As someone who used the internet before the world wibe web came around *), I humbly disagree. We used e-mail, ftp, usenet, irc and some other applications. *) (well, briefly - I was introduced to the internet in 1990, the www was launched in 1991 give or take)
@@xaverlustig3581 You didn't make any point. I made my first application using email in 1986(ish), and continued using WAN after that. The internet didn't much hit me until the late '80s, iirc...dial-up was a pita, and I never much cared for bbses. I loved usenet and loved watching the web grow when it started. The underlying protocol (TCP/IP) was pretty much irrelevant - it was just a matter of being the largest in use because it was in the USA.
@@davidmaxwaterman my point was that for me the Internet was significant before www. I had international contacts in the early 90s thanks to the non-www internet. I was using Unix workstations in my university, no modem or dialup. Maybe that helped 🙂
Nina Conti and her ventriloquist act wore thin about 10 seconds after I saw it for the first time. How she has made a career out of it is beyond understanding. Her face always has a weird smile like a bride who has just sh*t herself while having her wedding photo taken. Its as if she realised early that she is not funny and so she distances herself from her own 'material' by using a puppet as a proxy.
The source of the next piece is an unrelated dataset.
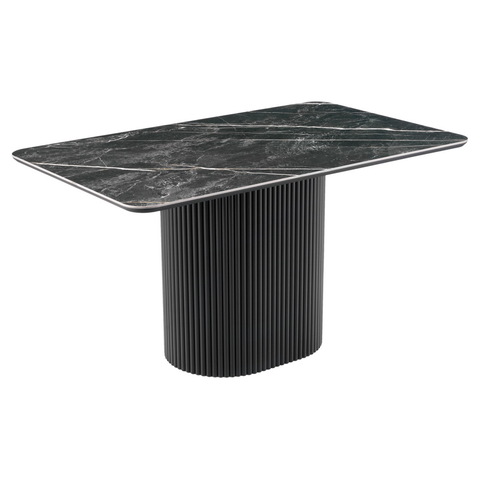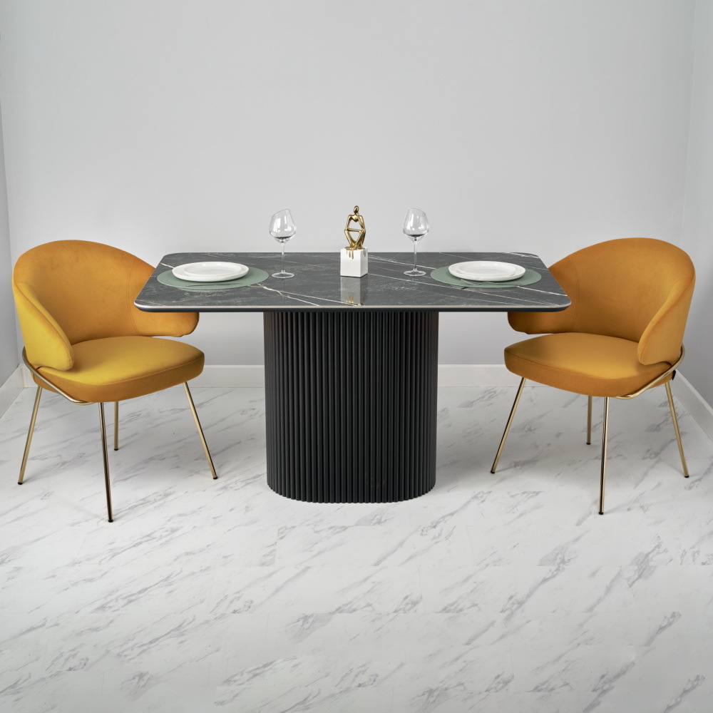 Стильный нераздвижной стол Festa – это идеальное сочетание элегантности и функциональности для вашего интерьера. Прямоугольная форма стола Festa является классикой, которая никогда не выходит из моды. Стол прекрасно подходит для различных интерьеров и помещений, таких как гостиная, столовая, кухня или офис, добавляя функциональность и уют в любую обстановку. Высококачественная керамическая столешница: стол Festa обладает глянцевой премиальной столешницей из керамогранита Wacom Forest Pulido, имитирующей черный мрамор. Поверхность размером 1400х850 мм со скошенной кромкой не царапается, не впитывает жидкость и легко моется, что обеспечивает долгий срок службы и минимальный уход. Устойчивость к перепадам температур: стол идеально подходит для использования в любых условиях, не теряя своего великолепного вида. Роскошный дизайн: кристально-черный фон столешницы с элегантными серыми прожилками и изысканными золотистыми деталями добавляет нотку роскоши и утонченности вашему интерьеру. Элегантная овальная опора: металлическая основа черного цвета придает столу стабильность и стильный современный вид, идеально гармонируя с мраморной столешницей. Стол Festa – это воплощение утонченного стиля и непревзойденного качества, которое украсит любой интерьер и станет вашим любимым местом для встреч и общения. Подчеркните уникальность вашего дома с помощью стола Festa.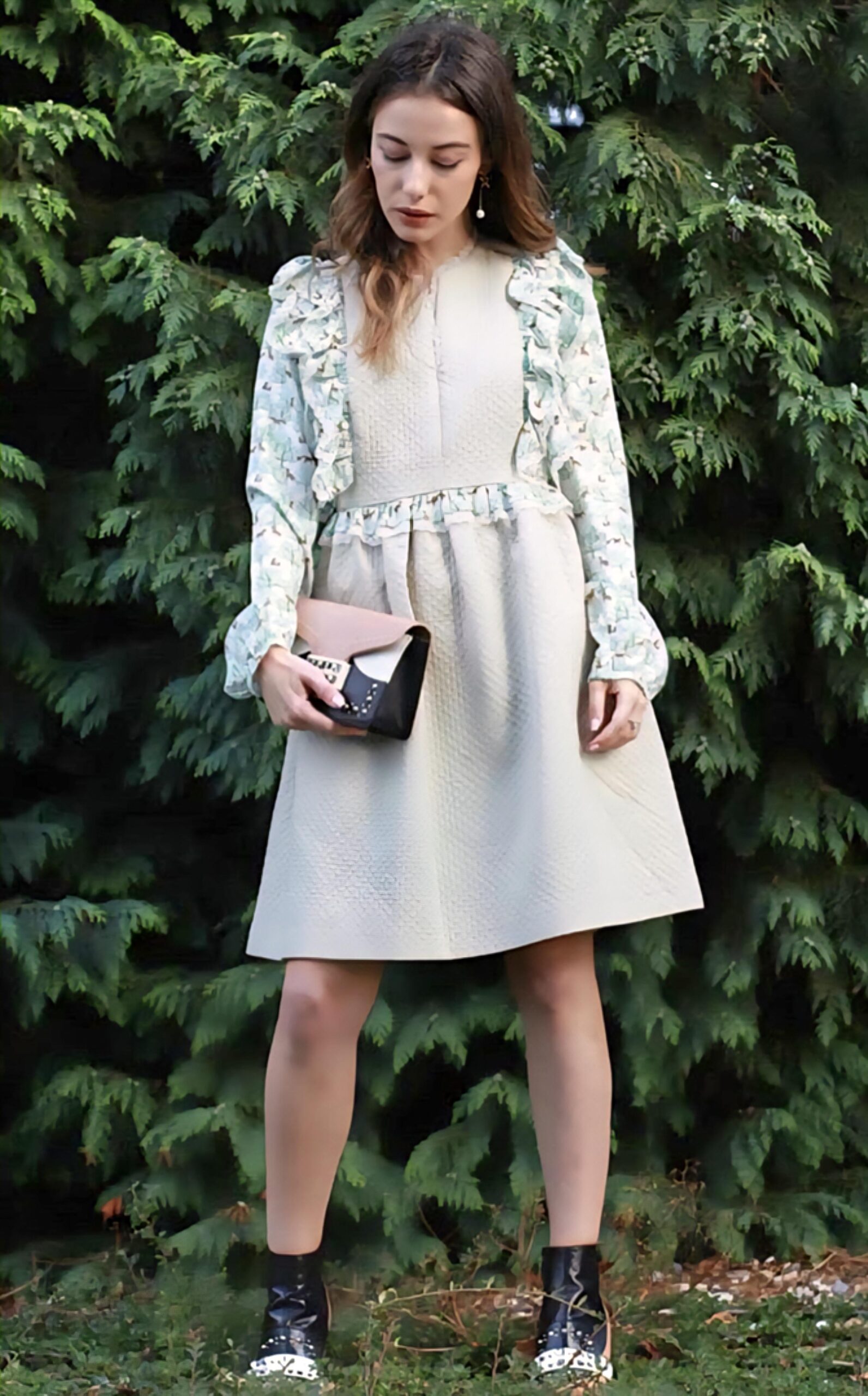 Mangas y volantes decorativos en tejido estampado.

The only thing that makes me smile about her act is the thought that she will probably be buried with that puppet by well meaning family.
It is astounding how many people are seemingly continuously surprised by the success of things they don't enjoy. It's like you've just noticed, for the first time, that other people do in fact exist, but you haven't quite cottoned on to the fact that they don't all just think like you but instead have minds all of their own. I mean, most people develop a theory of mind by age six, but I guess for some it takes a bit longer.
@@EdenLippmann Thanks for your reply but if I need a lecture from an unfunny dummy who spends most of their time with a fist up them, I will contact Nina Conti directly.
In typical QI fashion the real answer is tucked away at the end: Vint Cerf and Bob Kahn. I propose H.G. Wells "invented" the Internet; read World Brain.
The internet and the World Wide Web are at different levels of abstraction (or, different levels of the OSI model). The internet is a physical network of networks and a set of protocols that allows intercommunication between them. The World Wide Web is a layer on top of that which provides hyperlinked documents and such.